● Aim of the task
Within the records below, repeat each line exactly but keep every picture out of the copy.

● Listed records
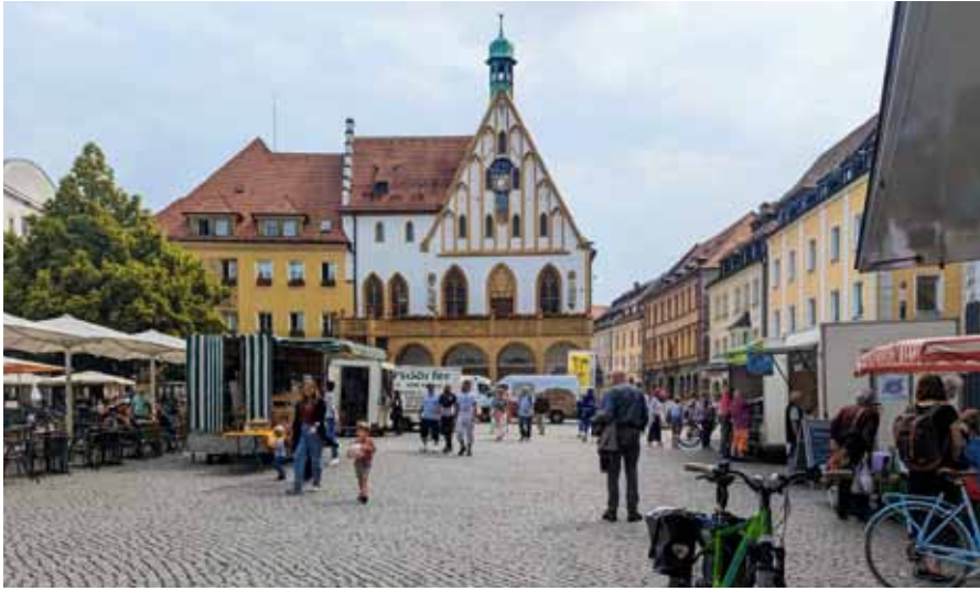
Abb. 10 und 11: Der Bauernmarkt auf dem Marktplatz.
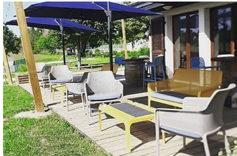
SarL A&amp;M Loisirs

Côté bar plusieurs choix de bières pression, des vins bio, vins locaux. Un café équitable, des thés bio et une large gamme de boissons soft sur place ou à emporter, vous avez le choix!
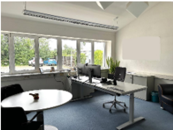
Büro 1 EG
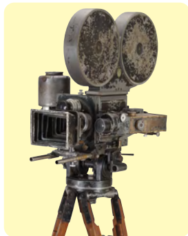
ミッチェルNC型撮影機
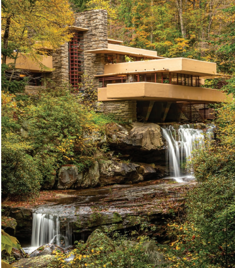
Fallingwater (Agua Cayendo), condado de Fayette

● Written solution
Abb. 10 und 11: Der Bauernmarkt auf dem Marktplatz.
SarL A&amp;M Loisirs

Côté bar plusieurs choix de bières pression, des vins bio, vins locaux. Un café équitable, des thés bio et une large gamme de boissons soft sur place ou à emporter, vous avez le choix!
Büro 1 EG
ミッチェルNC型撮影機
Fallingwater (Agua Cayendo), condado de Fayette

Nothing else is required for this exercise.